Columbia Sportswear is poised for “a record year of growth and profitability,” CEO Tim Boyle said. And it’s advance orders and brand momentum that are driving that growth.
In a Nutshell: Buoyed by the strength of its Columbia brand, improvement in the Sorel unit and a turnaround at Mountain Hardwear, Columbia Sportswear Co. scored gains in sales and earnings in the second quarter.
The company said the Columbia brand generated double-digit constant-currency growth in the quarter and the first half of the year, led by U.S. wholesale and direct-to-consumer performance. Sorel’s progress toward becoming a year-round brand was evident in the success of Spring 2019 styles that contributed to greater than 30 percent constant-currency growth period, and a positive first half of the year. Mountain Hardwear, which had languished for several years, also generated double-digit constant-currency growth in the three months and is poised for continued growth in the second half, the company said.

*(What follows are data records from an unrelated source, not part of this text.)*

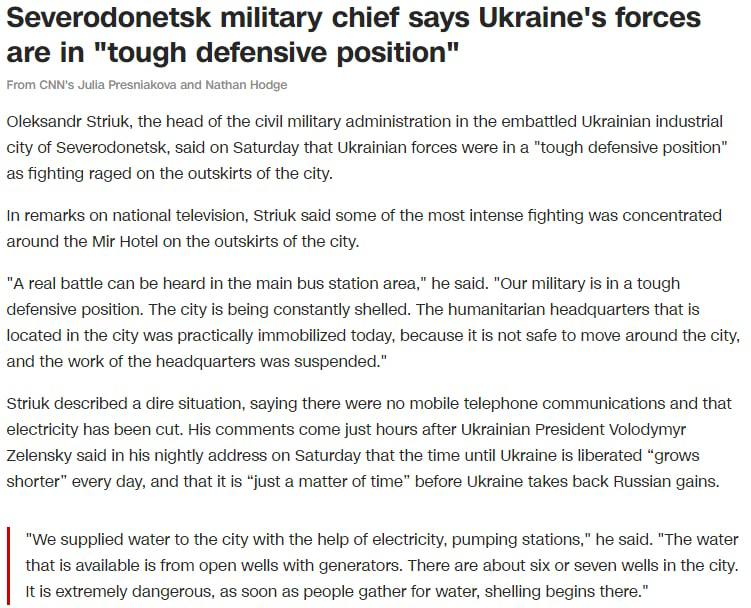Отметим, что в Минобороны заявляют, что хоть ситуация в Северодонецке и сложная, но украинская армия даёт мощный отпор.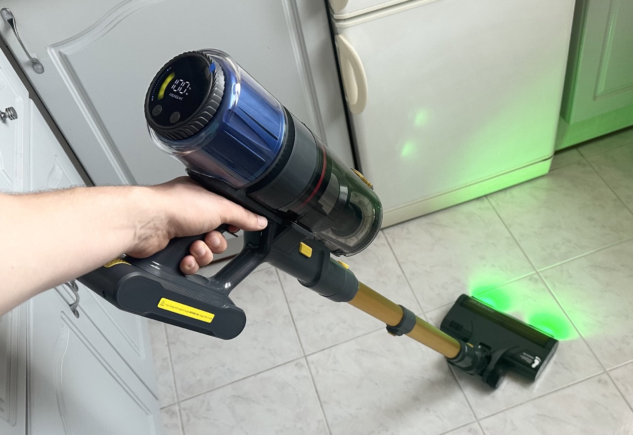 Az 580 W-os motor hátul, az akkumulátor pedig alul található, utóbbi könnyen cserélhető, és külön is lehet tölteni, ami nagy pozitívum. A kifejezetten méretes, 1,2 literes és átlátszó portartály fentre került. A fedele egyetlen gombnyomásra nyitható, így könnyű üríteni, de teljesen szétszedni sem bonyolult, és akkor jobban ki lehet tisztítani a szűrőkkel együtt.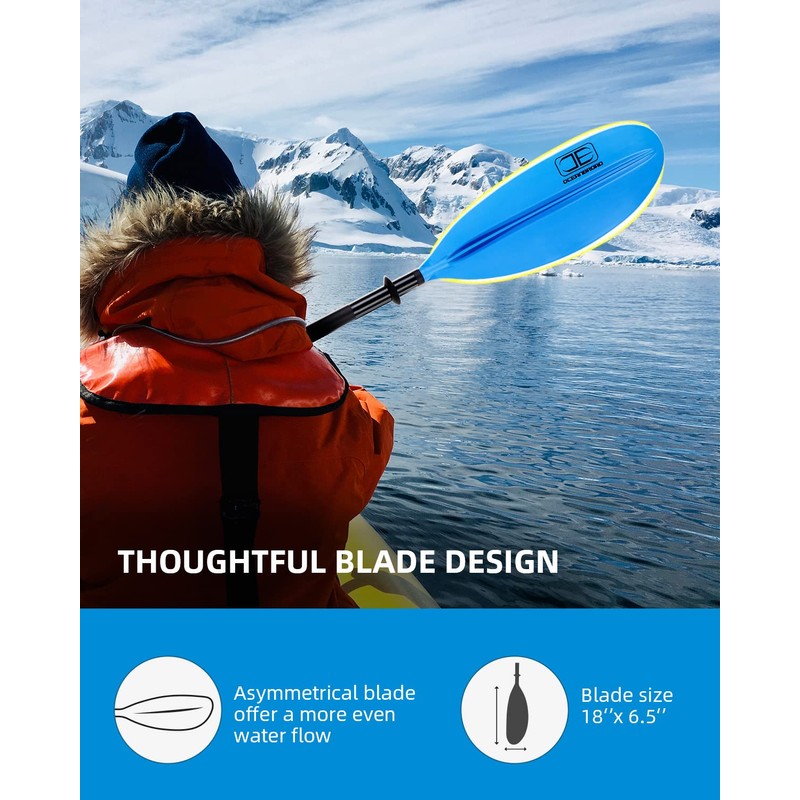- MADE TO LAST: This kayak paddle is with high-quality aluminum alloy shaft (1.1mm shell thickness) and fiberglass reinforced PP blade. The material combination ensures a stiff and made to last kayak paddle at a better price. It’s a perfect choice for starters and intermediate kayakers.
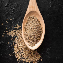 Cumin is a widely used spice made from the dried seeds of the Cuminum cyminum plant, belonging to the parsley family. It has a distinctive, warm, earthy flavor and aroma, adding complexity to various dishes, especially in Middle Eastern, Indian, and Mexican cuisines. Cumin seeds are small, oblong and yellowish brown.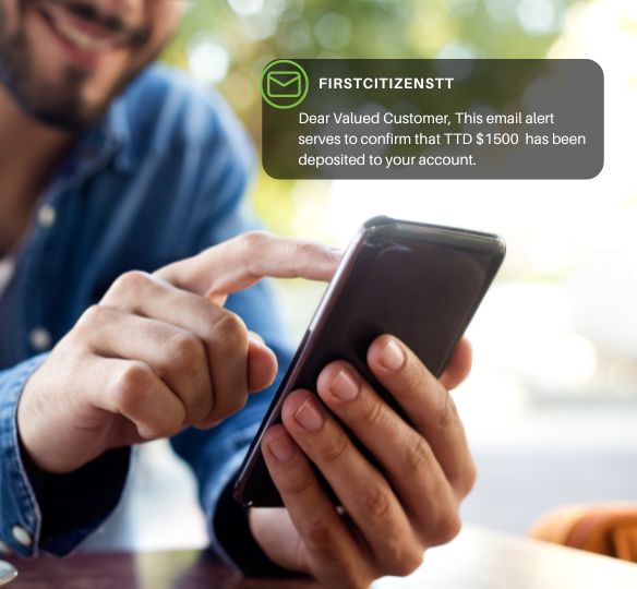 You will receive your Mobile Alerts via SMS and/or email to the mobile number and/or email address used when you opened your account. Update your information via the First Citizens Mobile & SMS Banking Preference Centre in Online Banking, if you would like to use a different address.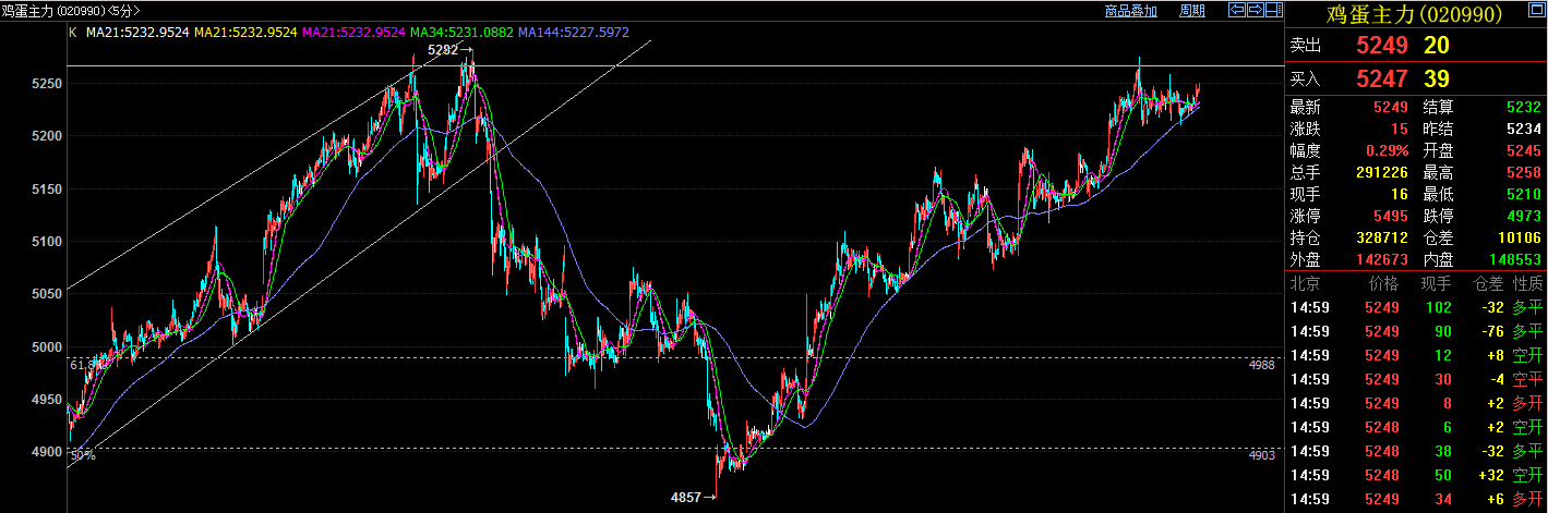 6月24日雞蛋1409主力合約開盤高開低走,開盤后最高上沖至5258,最低下探至5210,區(qū)間震蕩較大,尾盤拉升,報(bào)收于5249(+15),漲幅0.29%。持倉方面,今日增倉10106手,持倉328712手。持倉前20名中,多頭持倉83274(+1632)手,空頭持倉74383(+2529)手,多頭占優(yōu),其中多頭銀河期貨3350手(-1197),空頭申銀萬國5117手(+1276),增減倉規(guī)模較大。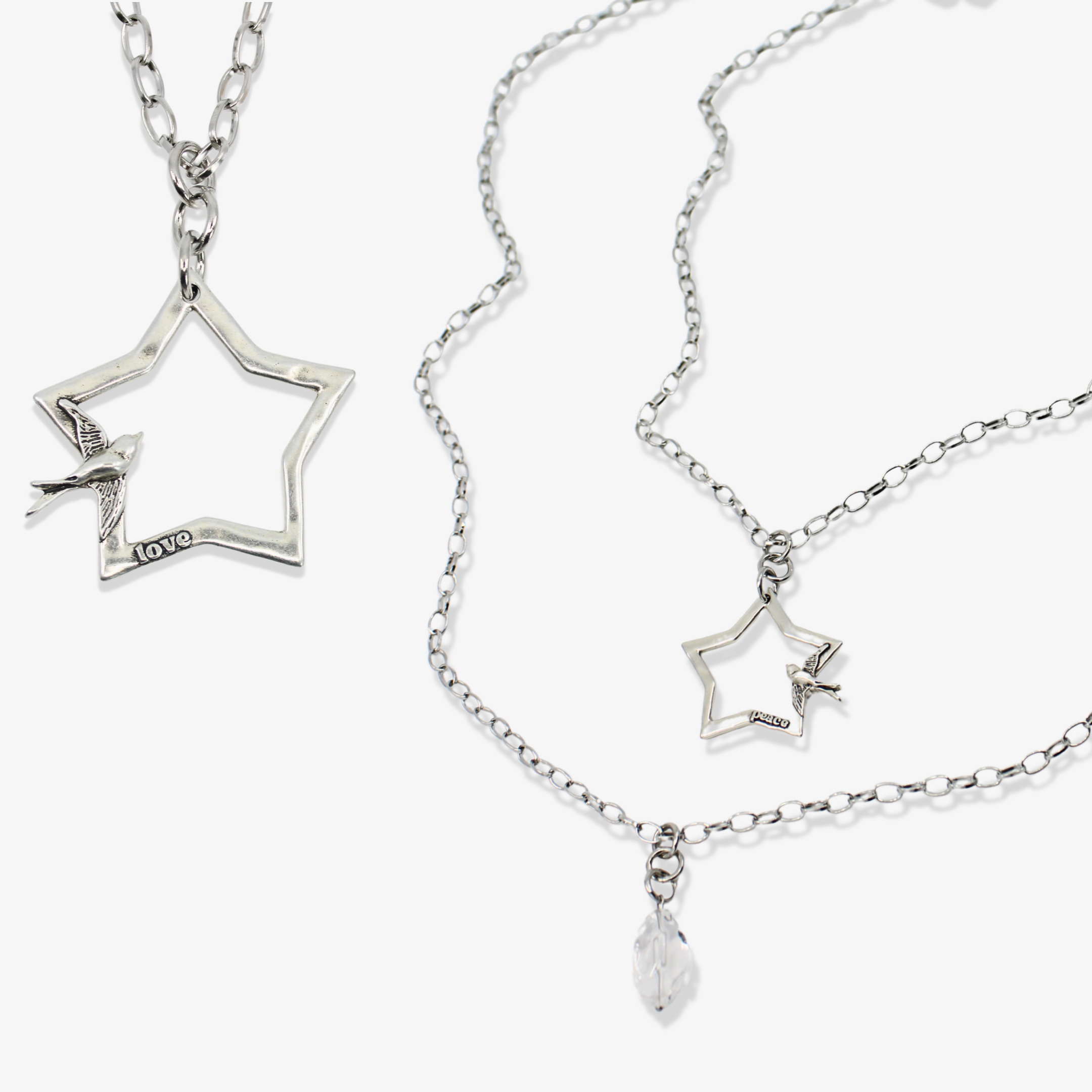 A symbol of serenity and spirit, this 48" stainless steel chain features a double-sided star pendant—engraved with Peace on one side and Love on the other—anchored by a graceful bird at its center. Paired with a crystal quartz drop for clarity and balance.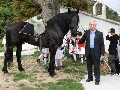 Στη συνέχεια, όλοι όσοι συμμετείχαν στην πομπή, μετά από πεζοπορία περίπου πέντε ωρών, κατέληξαν, στην κεντρική πλατεία του χωριού. Εκεί, όπως κάθε χρονιά έτσι και φέτος ο παπάς του χωριού, έσυρε πρώτος το χορό με όλους τους φουστανελάδες και ακολούθησε γλέντι με ψητά αρνιά, κόκκινα αυγά, κουλούρια και κρασί.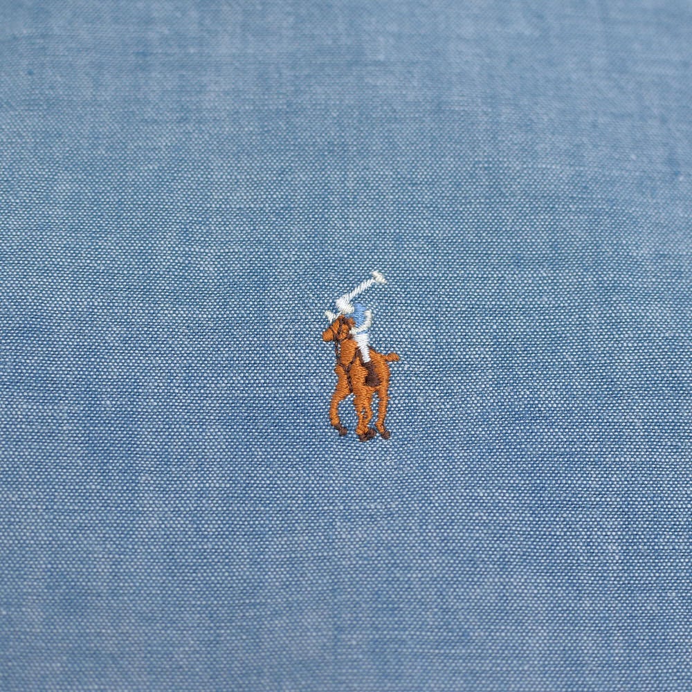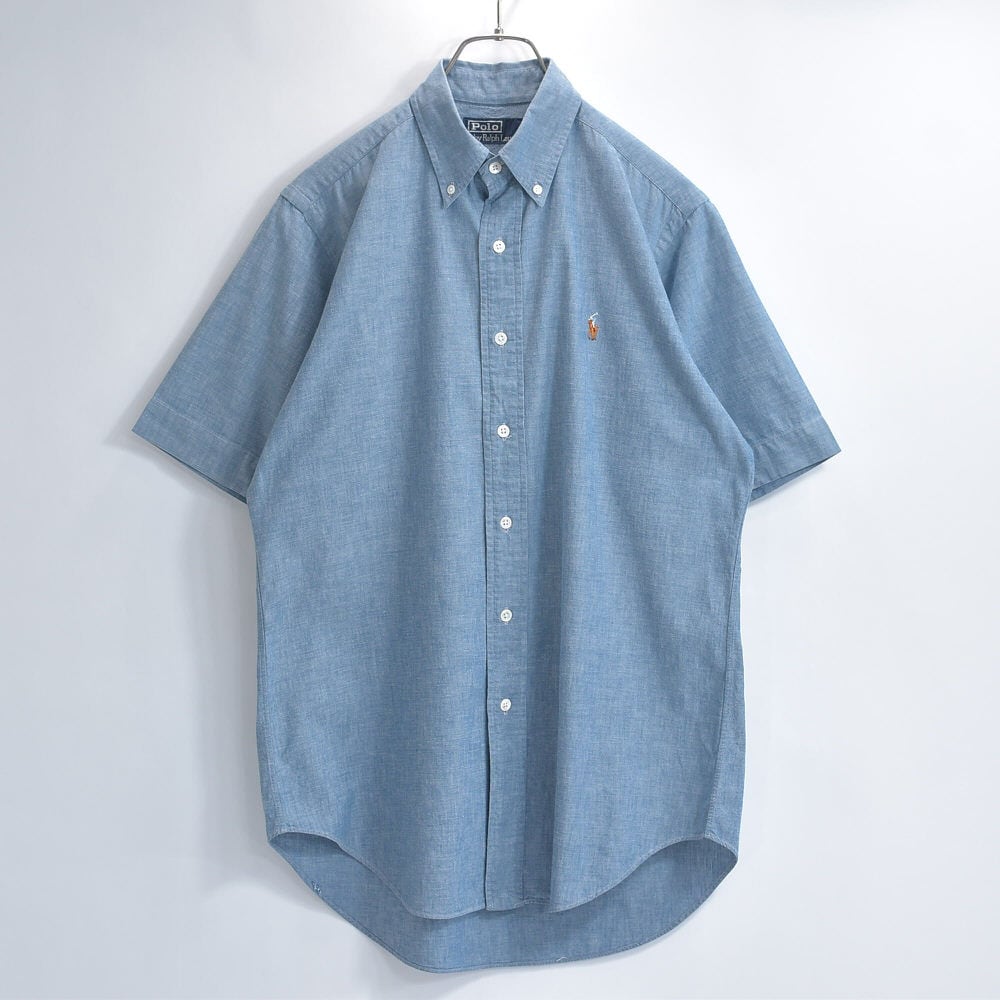 90〜00s Polo by Ralph Lauren ポロラルフローレン シャンブレー ポニー刺繍 半袖 ボタンダウン シャツ トップス ブルー ヴィンテージ ビンテージ 古着 メンズM相当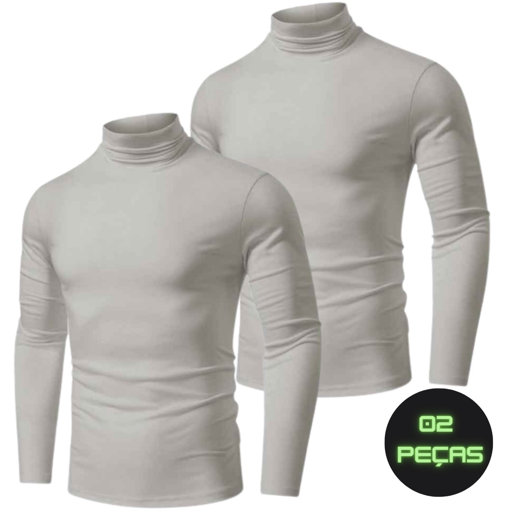 Kit 2 Camisa Gola Alta Blusa Masculina Manga Longa Camiseta Academia Segunda Pele Proteção Solar Fator 50 UV Gola Alta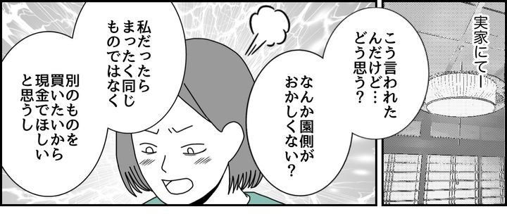 先生はきっぱりと「同じものを探して弁償するべきです」と、言いました。今まで通っていた園の方針とは違い、私は戸惑ってしまいました。実家に行き、実母に相談してみると……。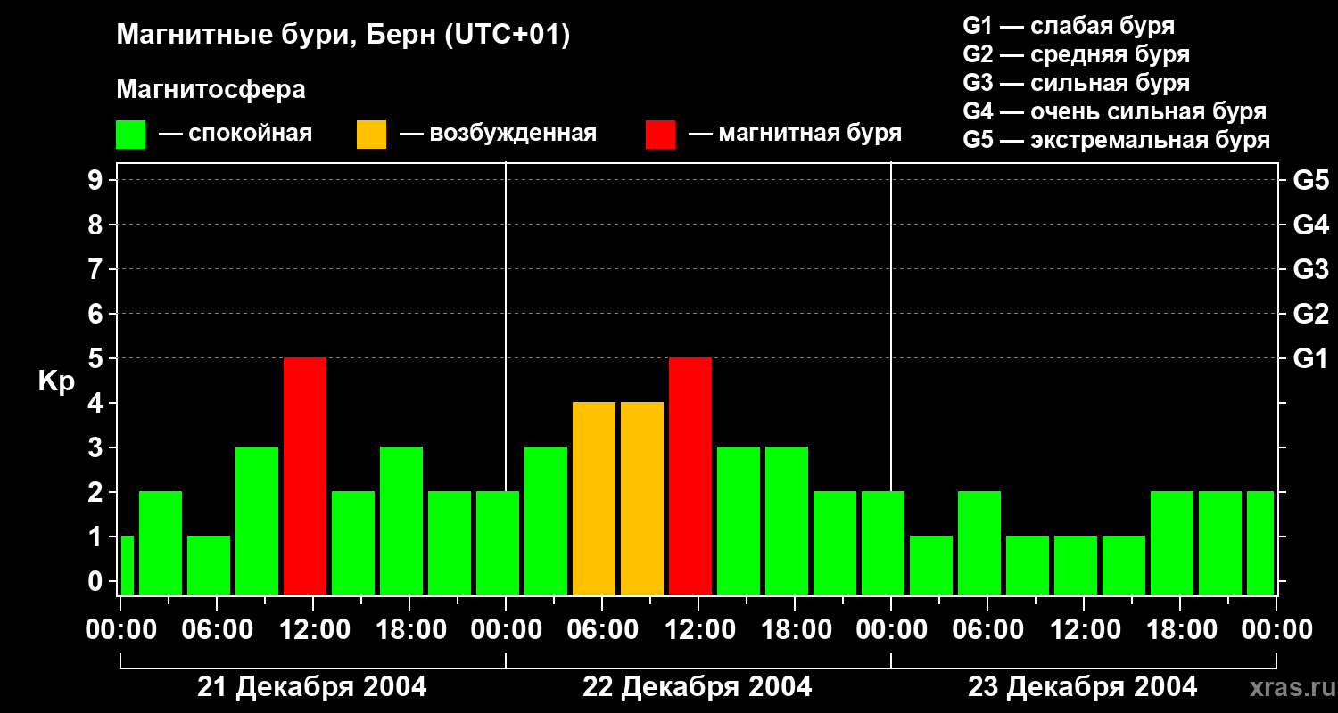 Изменения геомагнитного индекса Kp с 21 по 23 декабря 2004 года для средних широт
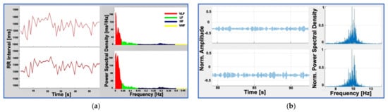 (a) RR trait duration and power spectral density obtained with QVAR (top) and the gold standard (bottom); (b) α-wave EEG and normalized power spectral density recorded by QVAR (top) and the gold standard (bottom).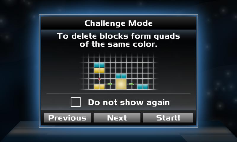 If you only have time for a two-minute-break, try the Time Attack Mode. In Time Attack you have to form as many quads as possible in 90 seconds. So try to place the falling units quickly and discard unsuitable ones on the side.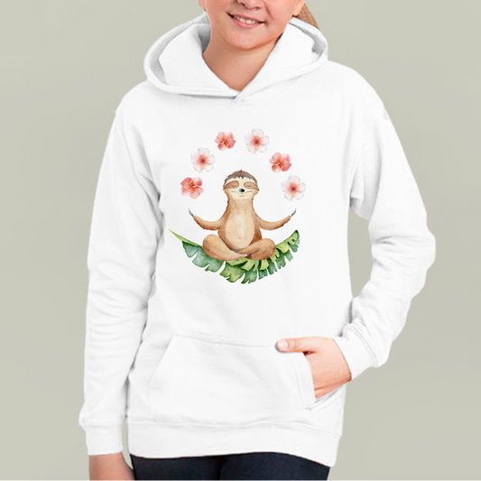 FAULTIER MEDITATION TIERYOGA NIEDLICH SÜß MIT BLUMEN • Kinder Hoodie für Mädchen & Jungen (7–16 Jahre) | Kuschelweiche Baumwolle 🌿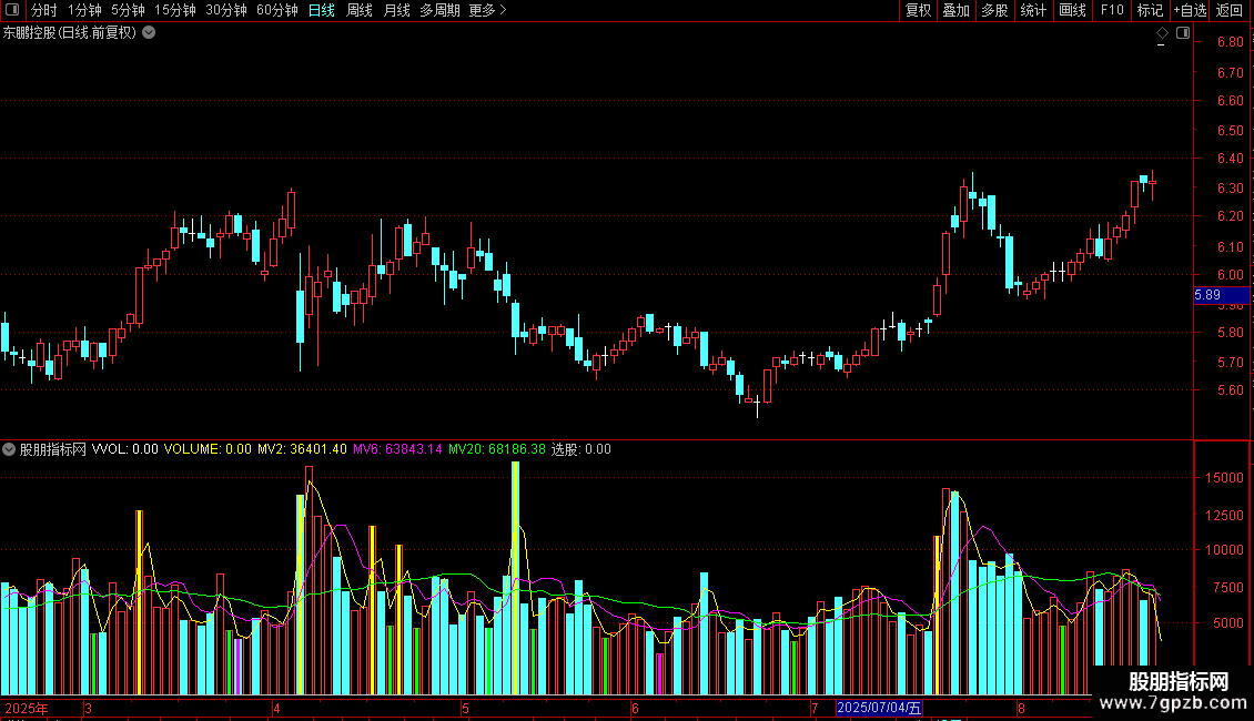 STICKLINE(CURRBARSCOUNT=1 AND PERIOD=5,VVOL,0,-1,-1),COLOR00C0C0;

Columbia Sportswear, based in Portland, Ore., updated its full year financial outlook, with net sales now expected to reach $3 billion to $3.04 billion compared to the prior forecast of $2.98 million to $3.04 billion, representing net sales growth of 7 percent to 8.5 percent compared to the previous outlook of 6.5 percent to 8.5 percent. The net sales outlook includes a foreign currency translation impact that is expected to reduce net sales growth by approximately 90 basis points.
The active outdoor apparel, footwear, accessories and equipment specialist noted that inventories increased 33 percent to $756.4 million in the quarter compared to $570.5 million on June 30, 2018. This was the result of earlier receipts of Fall 2019 inventory aimed at alleviating manufacturing capacity constraints and, to a lesser degree, increased volume to support business growth.
Sales: Net sales for the second quarter ended June 30 increased 9 percent to a record $526.2 million compared to the year-ago period.
Earnings: Net income in the quarter increased 137 percent to $23 million from $9.7 million for the comparable period in 2018. The net income also includes the benefit of full ownership of our China business, which became a wholly owned subsidiary in January. In the second quarter of 2018, the non-controlling interest share of net income was $800,000.
Gross margin expanded 70 basis points to a record 48.2 percent of net sales compared to second quarter 2018 gross margin of 47.5 percent of net sales. Operating income increased 68 percent to a record $16.4 million and operating margin expanded 110 basis points to 3.1 percent of net sales compared to second quarter 2018 operating income of $9.7 million or 2 percent of net sales.
CEO’s Take: “Momentum across our diverse brand portfolio, distribution channels and regions, along with Project Connect financial benefits fueled record second quarter and first half financial performance,” Boyle said. “As we enter the second half of 2019, our brand, channel, geographic and supply chain diversification positions us for continued profitable growth despite global economic and trade uncertainty. Our first half results, Fall 2019 advance orders and current business momentum position us to deliver another record year of growth and profitability.”
“Our profitable growth trajectory and fortress balance sheet, with cash and short-term investments of over $500 million and no long-term debt, provide a foundation of strength and confidence from which we will continue investing in our strategic priorities to drive brand awareness and sales growth through increased, focused demand creation investments; enhance consumer experience and digital capabilities in all our channels and geographies; expand and improve global direct-to-consumer operations with supporting processes and systems, and invest in our people and optimize our organization across our portfolio of brands.”